Maker Mayhem: Car Seat Dog Leash
Matt Maranian's latest installment of Maker Mayhem: Low Moments in How-to History examines the Car Seat Dog Leash project as a lesson in the laws of physics
Many people believe that a death by hanging is the result of strangulation. This is not true. A death by hanging is the result of a broken or dislocated second cervical vertebra called the axis, which, if the hangman knows what he or she is doing, should sever the spinal cord, arrest blood pressure, and force the subject to lose consciousness, all in a matter of about two seconds. The brain death that follows can take as long as twenty minutes, but that won’t be enough time to revive the Fox Terrier dangling off the edge of your front seat by the end of this custom leash, as shown here in a simple how-to from the late 1950s.
So simple in concept, but this is a design built on a couple of dubious assumptions. First the assumption that a small dog will sit obediently on the edge of a car seat in a moving vehicle just like a little human and not get all crazy and fiendishly paw at or try to jump out the window. And there’s the far more critical assumption that a sudden stop wouldn’t throw said canine off his ass and over the carpet, hind legs first, snapped at the neck and tethered by a leather strap to the car seat, twisted in a frozen grimace like a roasted duck hanging in the window of a poultry shop. The instructions tell us that this leash is attached to “a sponge rubber ball wedged between the back and the seat cushion,” the human equivalent of which might be a rope tied around the driver’s neck, hitched to the back of the seat’s headrest at a length of about ten inches. Try texting and driving trussed up like that, I dare you.
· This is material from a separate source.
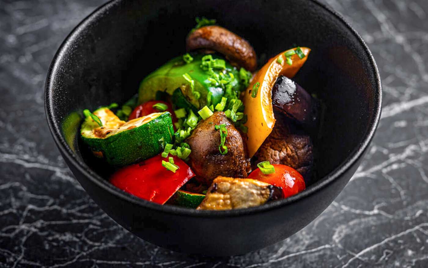 grillitud pardifilee, vürtsikas ploomiglasuur, keedetud köögiviljad kašupähklite, korea porgandite, minispinaadi, seesamiseemnetega

Although primarily—and ironically—designed to prevent injury to a small dog who insists on riding shotgun, the caption touts the added bonus of protecting “the instrument panel from claw scratches.” But if scratches on your dashboard freak you out that much, wouldn’t it be more humane to hogtie your pets and toss them in the trunk, or cage and strap them to the roof of the car, Romney-style?